- **WORK REQUEST**
Below are entries. Give back exactly the lines from the one containing "z klasy Base." through the one containing "L'originale zuppa di", inclusive, without the pictures.

- **DATASET**
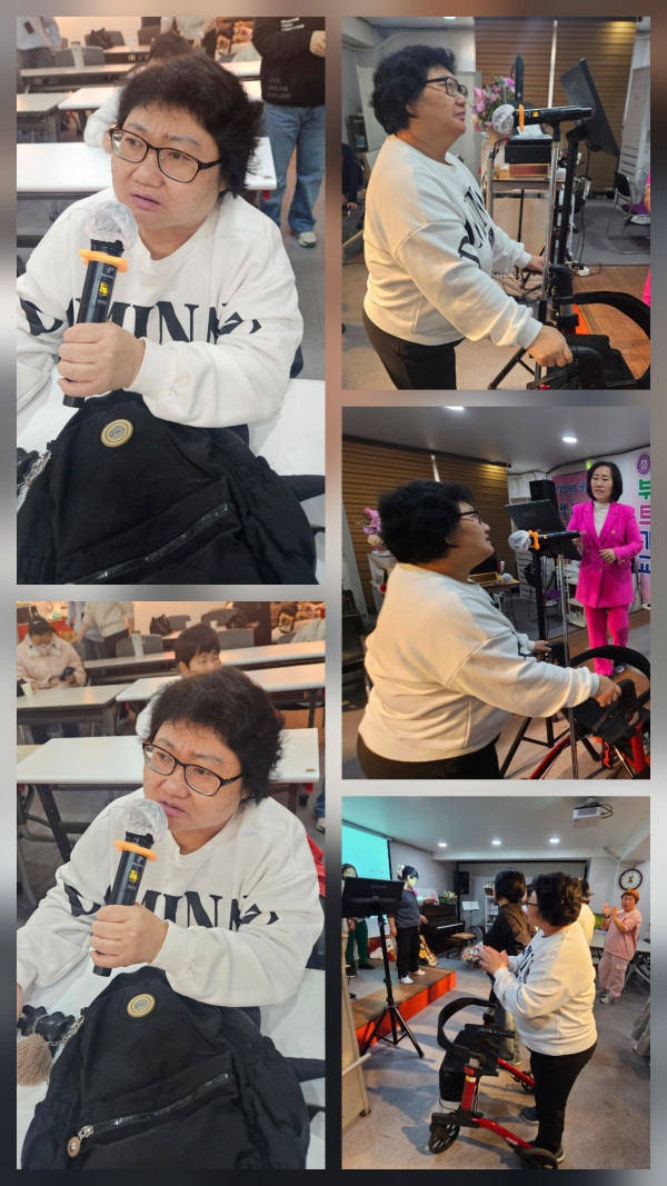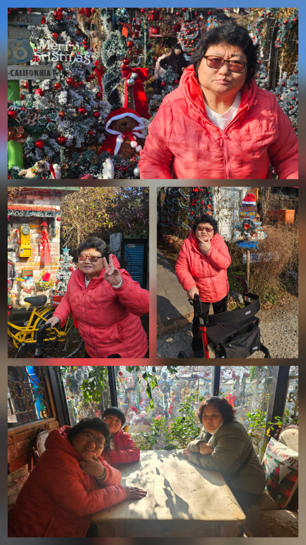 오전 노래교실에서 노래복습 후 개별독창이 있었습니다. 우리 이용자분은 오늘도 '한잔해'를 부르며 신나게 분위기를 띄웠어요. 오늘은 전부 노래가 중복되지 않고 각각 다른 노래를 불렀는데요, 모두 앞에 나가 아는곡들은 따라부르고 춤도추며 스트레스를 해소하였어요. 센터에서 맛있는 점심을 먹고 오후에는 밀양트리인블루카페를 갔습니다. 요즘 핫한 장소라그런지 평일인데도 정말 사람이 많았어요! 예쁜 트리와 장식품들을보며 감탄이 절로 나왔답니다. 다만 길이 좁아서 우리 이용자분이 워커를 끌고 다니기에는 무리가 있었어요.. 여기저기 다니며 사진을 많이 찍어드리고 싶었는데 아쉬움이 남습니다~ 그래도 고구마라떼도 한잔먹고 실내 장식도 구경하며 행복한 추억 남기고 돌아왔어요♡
---
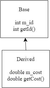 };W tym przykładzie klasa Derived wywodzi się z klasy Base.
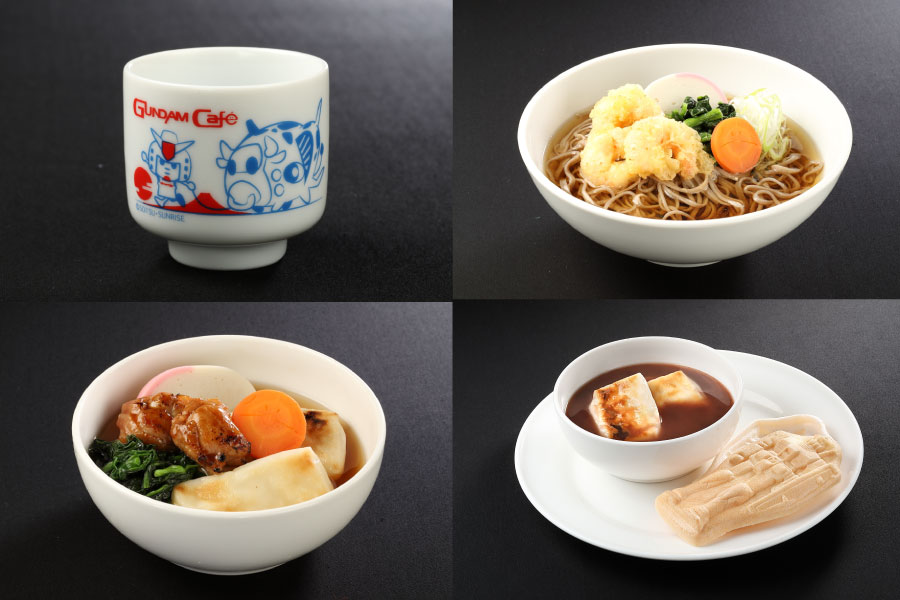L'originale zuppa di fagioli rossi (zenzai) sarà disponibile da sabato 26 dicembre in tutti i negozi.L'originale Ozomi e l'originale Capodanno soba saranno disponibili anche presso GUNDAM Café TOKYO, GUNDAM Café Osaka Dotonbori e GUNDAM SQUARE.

- **FINISHED EXERCISE**
 };W tym przykładzie klasa Derived wywodzi się z klasy Base.
L'originale zuppa di fagioli rossi (zenzai) sarà disponibile da sabato 26 dicembre in tutti i negozi.L'originale Ozomi e l'originale Capodanno soba saranno disponibili anche presso GUNDAM Café TOKYO, GUNDAM Café Osaka Dotonbori e GUNDAM SQUARE.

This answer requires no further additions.